# Complex numbers : Reminder

A complex number is an ordered pair of two real numbers (a, b).

To represent a complex number, we use the algebraic notation or algebraic form, z = a + ib with i^2=-1

### Conjugate of a complex number

The conjugate of a complex number a+i*b , where a and b are reals, is the complex number a-i*b.

### Modulus of a complex number

The modulus of a complex number z=a+ib (where a and b are real) is the positive real number, denoted |z| , defined by : |z|=sqrt(a^2+b^2).

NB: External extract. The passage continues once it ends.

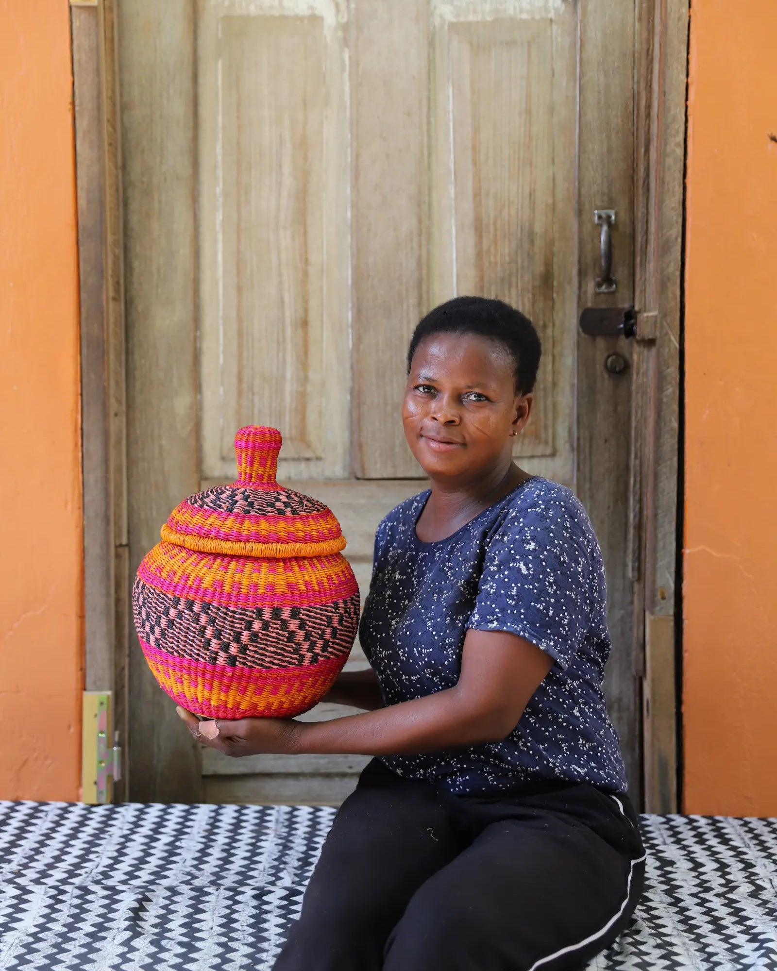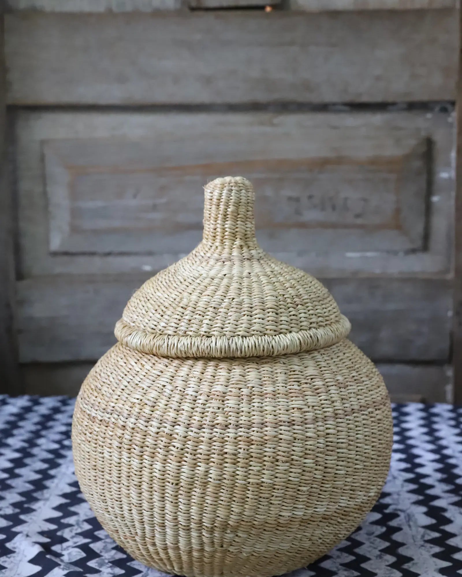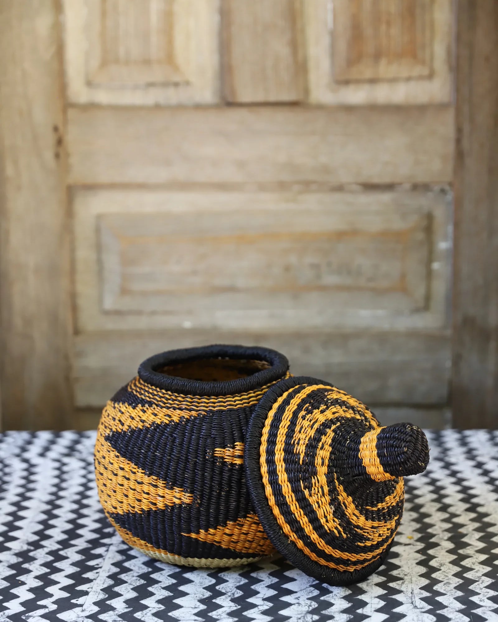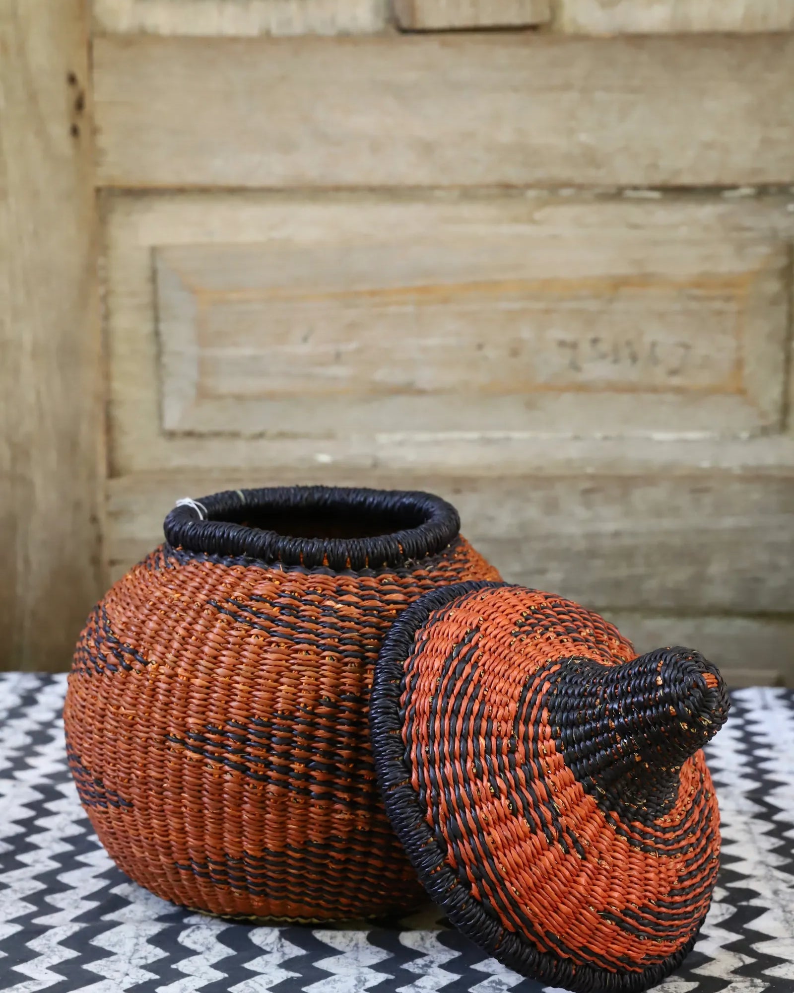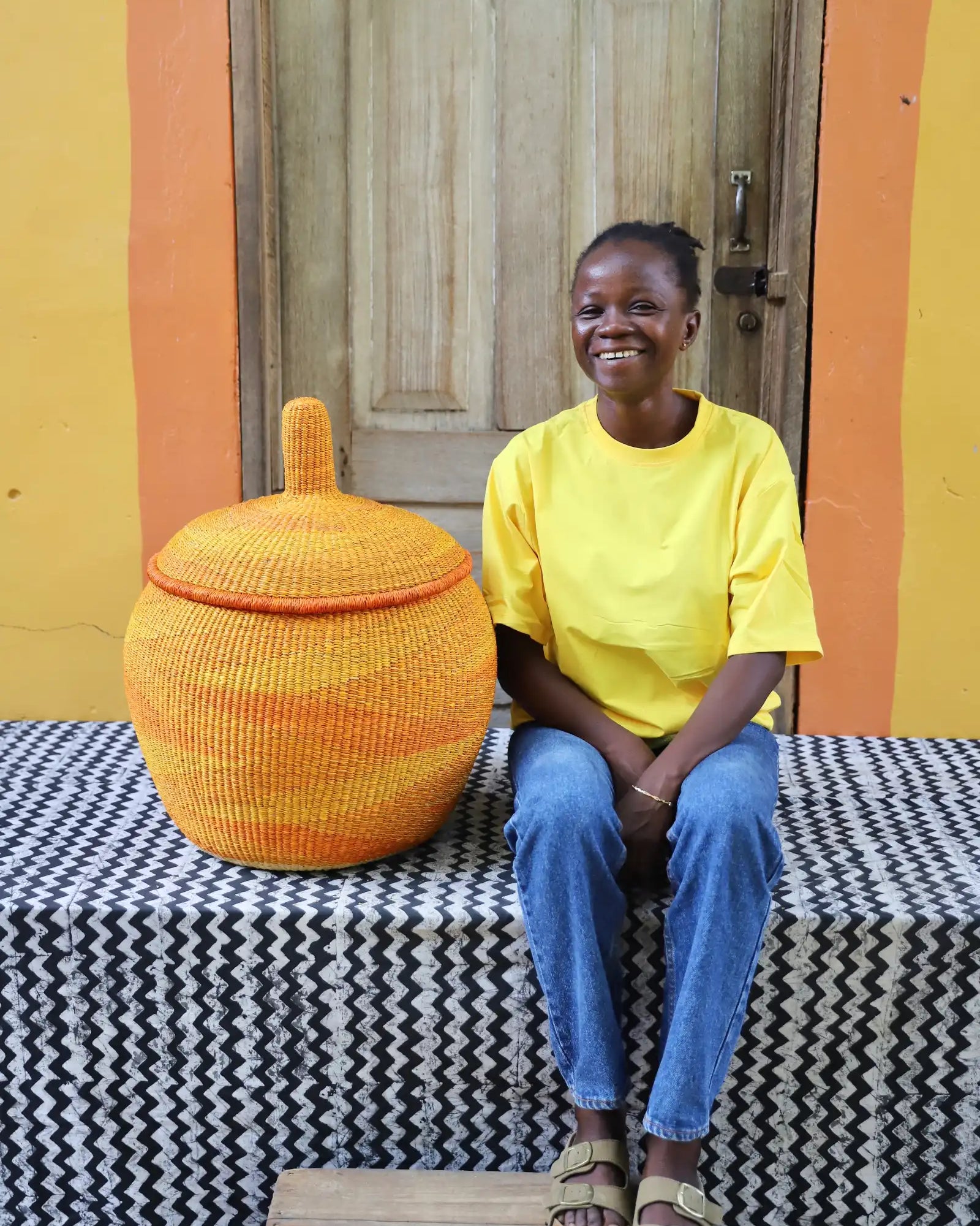Also Known as Kuope-oh, Orbit was the trusted keeper of flour, salt, and other essentials for preparing TZ, a staple dish in Ghana. It's perfectly fitting lid made it ideal for gently storing ingredients. Orbit serves as a beautiful storage solution and decorative art piece, bringing tradition into the home while keeping spaces functional and graceful.

### Amplitude of a complex number

The plan has a direct orthogonal reference (O,vec(i),vec(j)). Lets z a non zero complex number and M its image. Called the amplitude of the complex number z, any measure, expressed in radians, of the angle (vec(i),vec(OM)).

### Trigonometric form of a complex number

A complex number z of argument theta and modulus r, can be written in its trigonometric form z=r(cos(theta)+i*sin(theta)), |z| = r, arg(z) = theta.

### Exponential notation of a complex number

For any real theta, we note e^(i*theta) the complex number cos(theta)+i*sin(theta).

A complex number z of amplitude theta and modulus r, can be written in its exponential form z=r*e^(i*theta), |z| = r, arg(z) = theta.